If libA.a was built from a.o and b.o where each defines the corresponding single function, then the linker will include a.o and ignore b.o.
However, if libA.a included ab.o that defined both a() and b() then it will include ab.o in the link, satisfying the need for a(), and including the unused function b().
As others have mentioned, there are linkers that are capable of splitting individual functions out of modules, and including only those that are actually used. In many cases, that is a safe thing to do. But it is usually safest to assume that your linker does not do that unless you have specific documentation.
Something else to be aware of is that most linkers make as few passes as they can through the files and libraries that are named on the command line, and build up their symbol table as they go. As a practical matter, this means that it is good practice to always specify libraries after all of the object modules on the link command line.
It depends on the linker.
eg. Microsoft Visual C++ has an option "Enable function level linking" so you can enable it manually.
(I assume they have a reason for not just enabling it all the time...maybe linking is slower or something)
Usually (static) libraries are composed of objects created from source files. What linkers usually do is include the object if a function that is provided by that object is referenced. if your source file only contains one function than only that function will be brought in by the linker. There are more sophisticated linkers out there but most C based linkers still work like outlined. There are tools available that split C source that contain multiple functions into artificially smaller source files to make static linking more fine granular.
If you are using shared libraries then you don't impact you compiled size by using more or less of them. However your runtime size will include them.
This lecture at Academic Earth gives a pretty good overview, linking is talked about near the later half of the talk, IIRC.
Without any optimization, yes, it'll be included. The linker, however, might be able to optimize out by statically analyzing the code and trying to remove unreachable code.
It depends on the linker, but in general only functions that are actually called get included in the final executable. The linker works by looking up the function name in the library and then using the code associated with the name.
There are very few books on linkers, which is strange when you think how important they are. The text for a good one can be found here.
It depends on the options passed to the linker, but typically the linker will leave out the object files in a library that are not referenced anywhere.
$ cat foo.c
int main(){}
$ gcc -static foo.c
$ size
text data bss dec hex filename
452659 1928 6880 461467 70a9b a.out
# force linking of libz.a even though it isn't used
$ gcc -static foo.c -Wl,-whole-archive -lz -Wl,-no-whole-archive
$ size
text data bss dec hex filename
517951 2180 6844 526975 80a7f a.out
It depends on the linker and how the library was built. Usually libraries are a combination of object files (import libraries are a major exception to this). Older linkers would pull things into the output file image at a granularity of the object files that were put into the library.
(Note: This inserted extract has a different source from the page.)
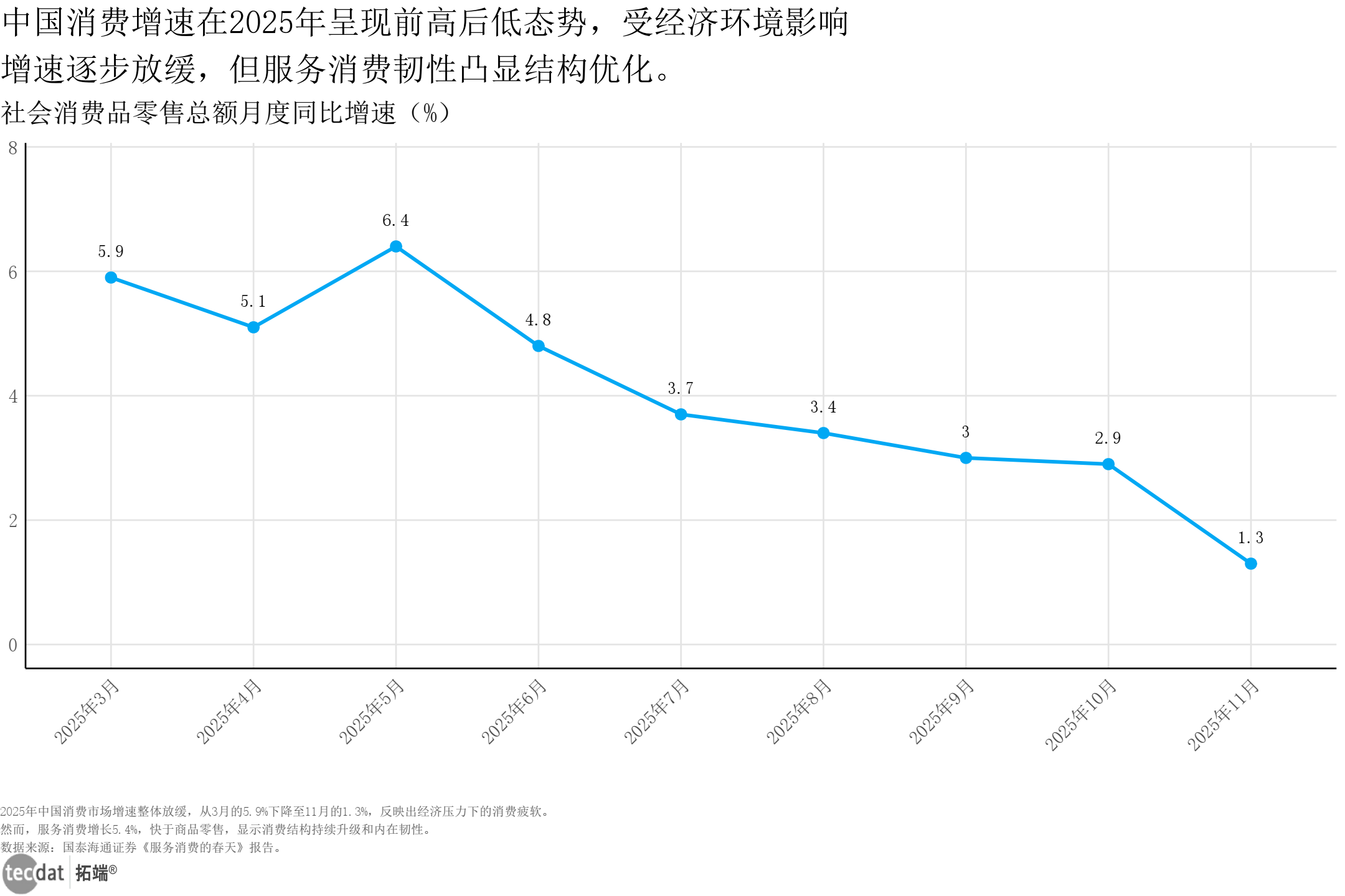 2025年中国消费市场增速呈现前高后低态势,社会消费品零售总额月度同比增速从3月的5.9%逐步回落至11月的1.3%,反映出经济环境对消费市场的阶段性影响。但从结构来看,服务消费增长5.4%,显著快于商品零售增速,这种结构性差异凸显了消费市场的内在韧性,消费升级的长期趋势并未改变。

So if function a() and function b() were both in the same object file, they would both be in the output file - even if only one of the 2 functions were actually referenced.
This is a reason why you'll often see library-oriented projects with a policy of a single C function per source file. That way each function is packaged in its own object file and linkers have no problem pulling in only what is referenced.
Note however that newer linkers (certainly newer Microsoft linkers) have the ability to pull in only parts of object files that are referenced, so there's less of a need today to enforce a one-function-per-source-file policy - though there are reasonable arguments that that should be done anyway for maintainability.